Mas, claro, não será possível agradar a todos sempre, e aqui e ali já parece dar sinais específicos, ora mais para a guarda e afirmação das doutrinas seculares e símbolos mais tradicionais da Igreja – e, no caso das doutrinas, em chave de compreensão ortodoxa conforme os Símbolos da Fé, os Catecismos da Igreja e os documentos conciliares. Um possível sinal deste zelo talvez tenha se dado em sua primeira homilia, pois que destacou a centralidade redentora de Cristo – e da Igreja/Arca a quem ele prometeu seu Espírito –, para iluminar as trevas do mundo (Jo 1, 4-5), na contramão de relativismos justificados por irenismos que, também entre cristãos, têm encontrado morada. Assim, se coloca como primeira testemunha de uma verdade que deve ser proclamada.
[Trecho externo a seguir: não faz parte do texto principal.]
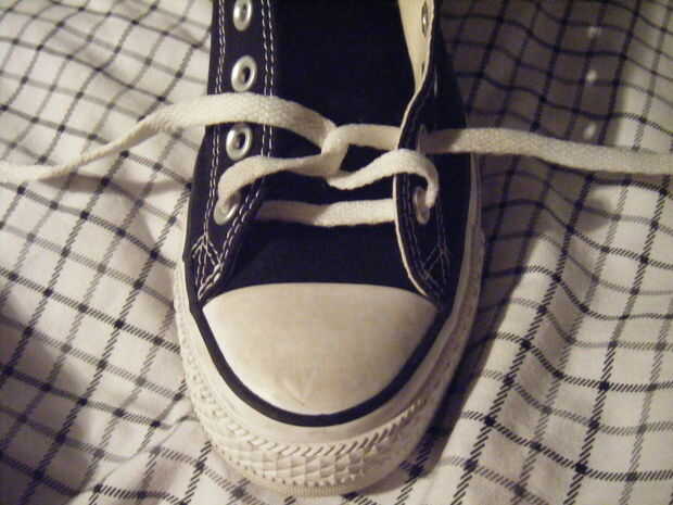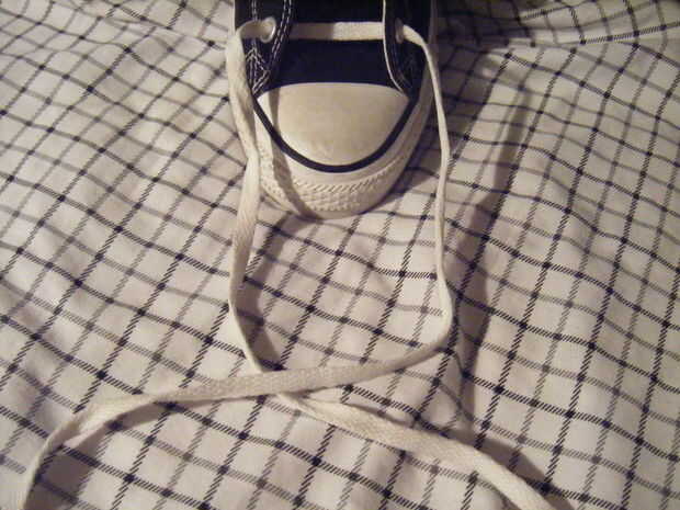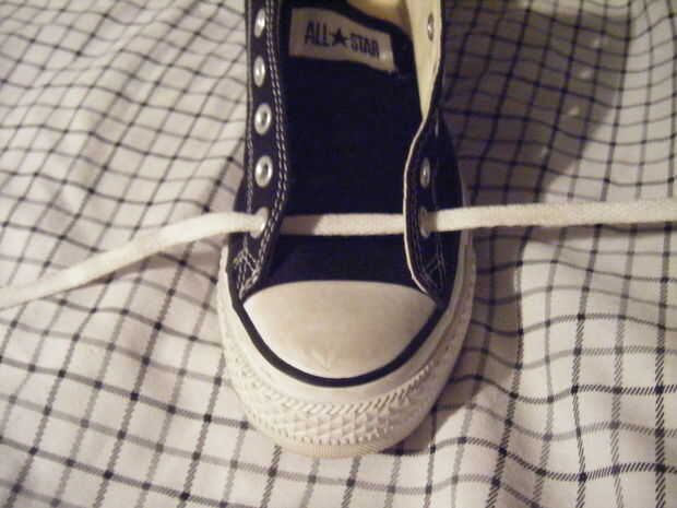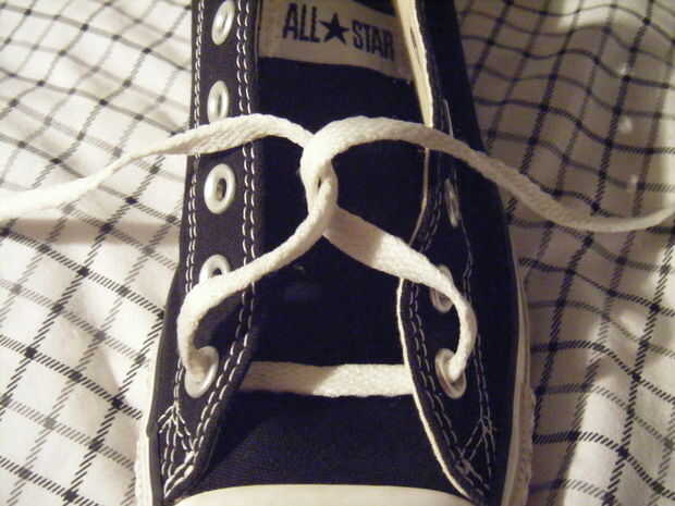 Los cordones por debajo de los ojales de la secuencia. Cruzar la cadena para hacer una X. Luego realizar otro X. puede lograrlo por torcer las cuerdas 360 grados. tomar la cadena a la izquierda y lo puso a través del orificio izquierdo. Tome la cadena a la derecha y lo puso a través del orificio derecho.
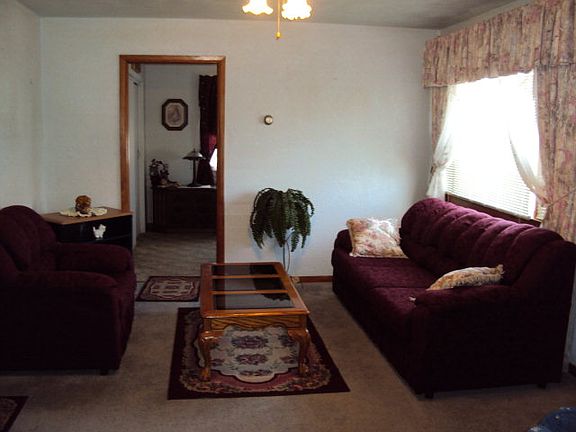 Excellent location-2 b/r 1 bath ranch-style home.This is handicapped accessible (which can be removed).CH/A- walk-in shower,plus formal dining room.13x20 enclosed sides on deck for privacy.12x20 detached storage building on concrete w/electric. 12x20 attached carport. Extra large lot- fenced on 2 sides.
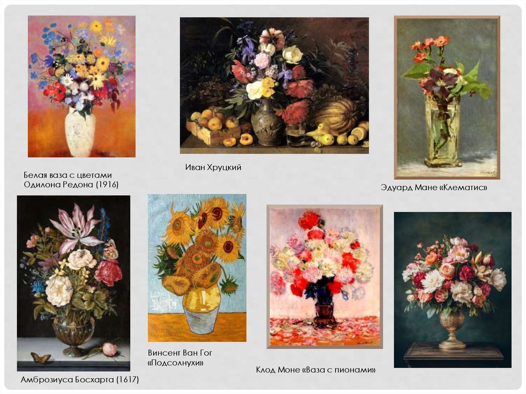 может быть ваза с цветами и фруктами, букет или отдельные цветы.
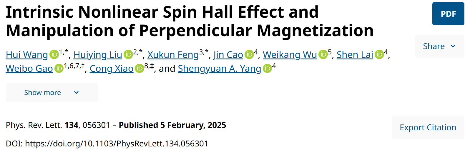 近日,73882必赢欢迎光临量子磁性和拓扑物理研究方向刘慧颖副教授课题组及其合作者在《Physical Review Letters》上发表了题为“Intrinsic nonlinear spin hall effect and manipulation of perpendicular magnetization”的论文。非线性输运效应提供了探测新的能带几何性质的手段,为材料表征和器件设计提供了新工具,具有广阔的应用前景。其中本征效应仅由能带结构决定,代表了材料的固有属性, 例如本征非线性霍尔效应...
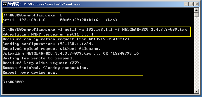 关机状态下利用 nmrpflash 工具刷入 netgear-bzv_3.4.9.9-099.trx 这个固件,把固件和 nmrpflash 放在同目录下输入命令,前提先装好 winpcap 后!
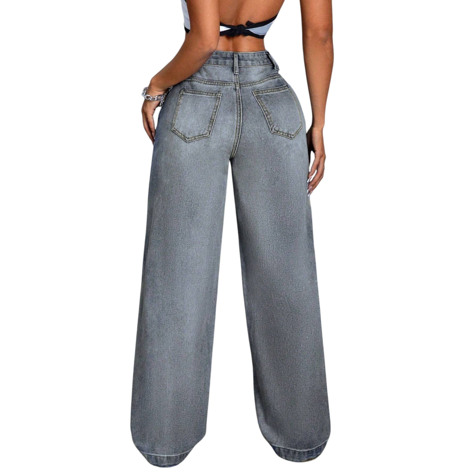 Címke nélküli, kék, magas derekú, bő szárú farmer, oldalt zsebekkel.
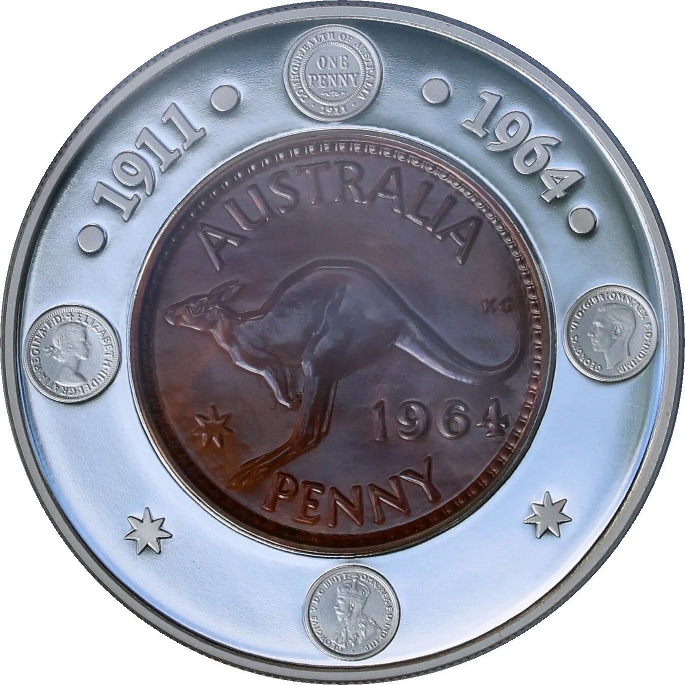 A 1964 Australian Penny reverse set within a silver ring featuring penny obverses and reverses from 1911 to 1964.
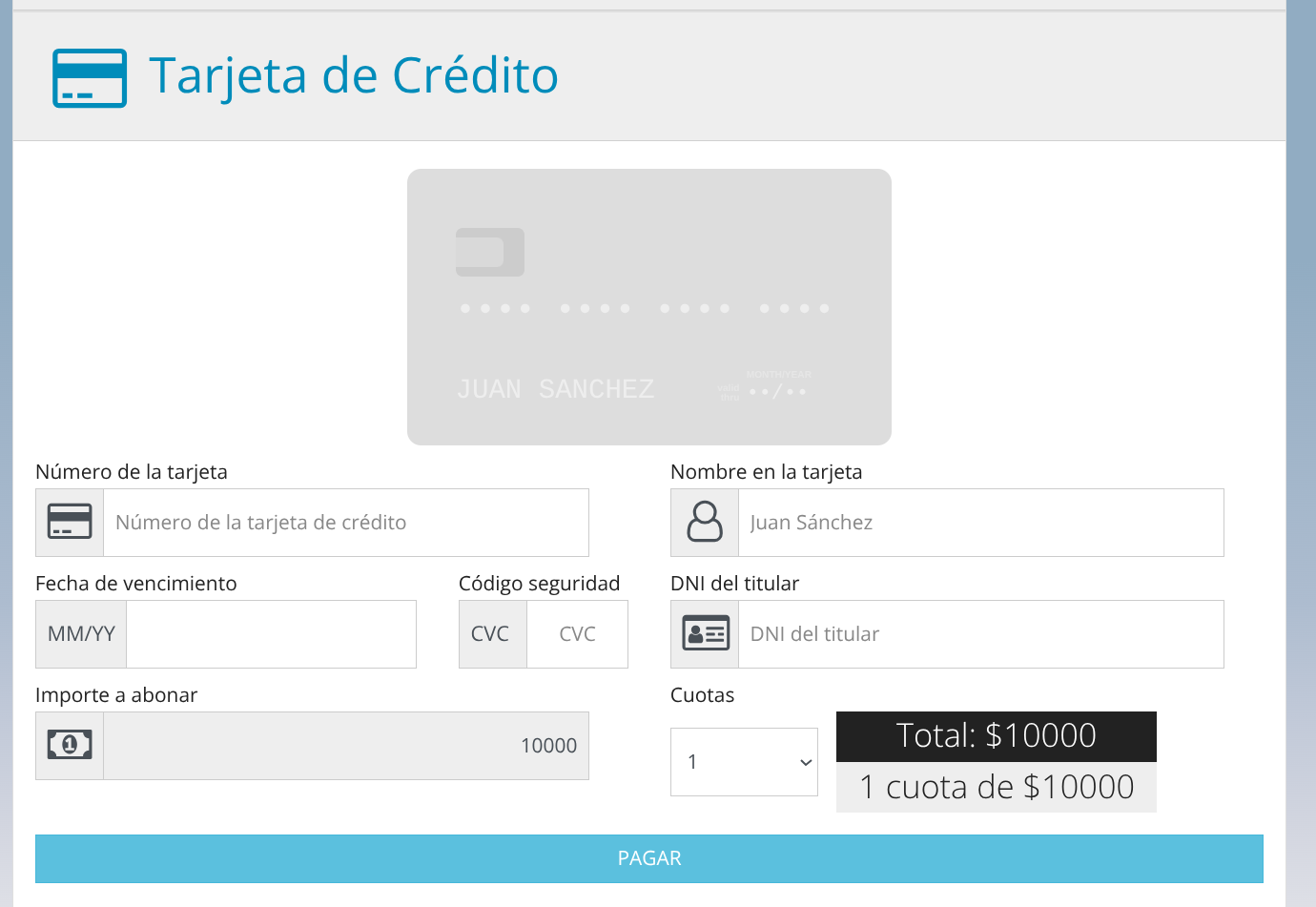 Si por ejemplo elegimos tarjeta de crédito veremos el siguiente formulario para ingresar la información:
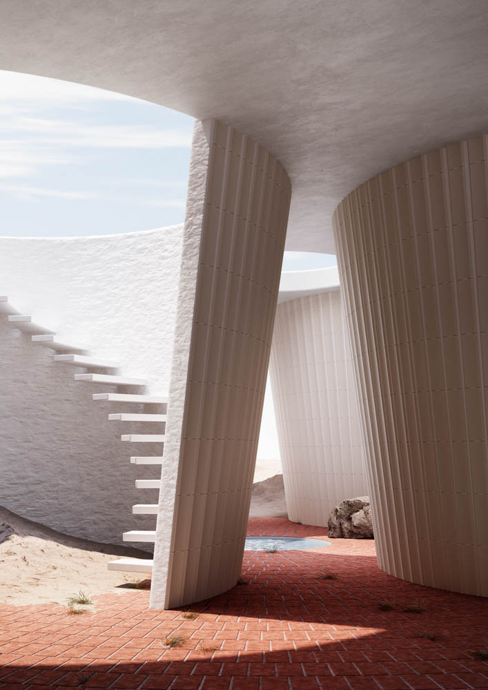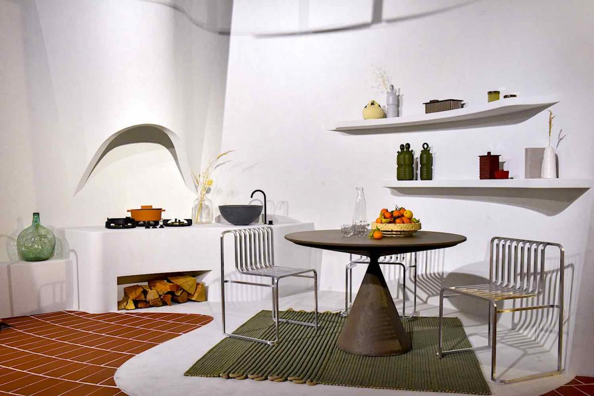 Generan cuatro cuevas abiertas, conos trucados invertidos para mostrar espacios domésticos poblados de objetos que nos traen al imaginario escenas de comidas al aire libre, en comunión con la naturaleza. El suelo en terracota contrasta con el blanco de las paredes que explica la tradición de encalar las casas para así conseguir dejar el calor fuera.
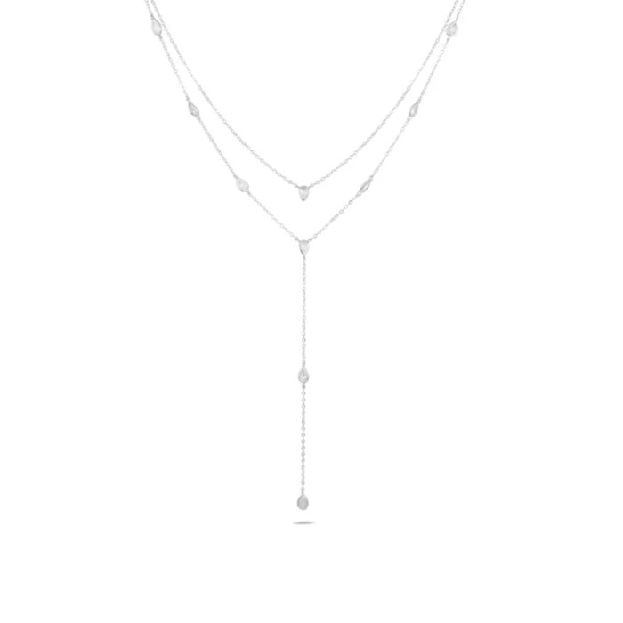 שרשרת כסף 925 כפולה בסגנון עניבה עם תליוני טיפות זירקון

Contudo, ora também dá sinais de uma atuação mais ao modo de Francisco, mais pastoral e preocupada com temas sociais e planetários, a ser pastor com “cheiro de ovelhas”, como bem especificou Francisco dever ser a identidade do bispo e dos líderes da Igreja, que têm a missão de servir em conformidade com o serviço de doação do próprio Cristo. E, na verdade, não são atuações que se opõem, mas que se complementam. Afinal o cristianismo é, em muitos aspectos, uma religião de paradoxos, em que mais do que ou/ou, vale o e/e. E talvez seja isso que Leão XIV pretenda evidenciar, e que a Igreja carece nesse momento: saber que sensibilidade humana/pastoral e clareza doutrinal são complementares, e que um Papa deve zelar por ambas as perspectivas em um pontificado. Para a doutrina católica, o Papa é o sucessor de Pedro, e a fundamental missão petrina é a de “confirmar na fé” os cristãos, isto é, confirmar na fé (doutrina) e na caridade, pois a caridade sem a doutrina é ação social, política ou filantrópica que não requer ser cristão para realizá-la, e doutrina sem caridade/ação e preocupação social é fé morta, apenas teoria filosófica-teológica que não transforma a vida das pessoas.
Minha primeira impressão é a de que Leão XIV busca unir o que muitos enxergavam, nos dois ou três últimos pontificados, estar de certa forma separado ou extremado para um lado ou outro, a criar Papas de “estimação” para grupos e teologias na Igreja. Leão XIV, entrementes, parece, neste primeiro momento, buscar a harmonia entre a razão da fé e a ação de amor, entre doutrina e pastoral, já que elas devem se retroalimentar. Como no famoso bolero de Aldir Blanc e João Bosco, interpretado por Elis Regina, pode-se dizer que um pontificado assim é (ou será? ou seria?) “voz que acalma”, pois “são dois [passos] pra lá, dois pra cá”. Aprender a dançar assim, dois pra lá, dois pra cá, permite não se afastar do ritmo correto. Ser o fiel desta balança e o condutor deste bolero, nos tempos que correm, parece ser seu enorme, mas imprescindível, desafio.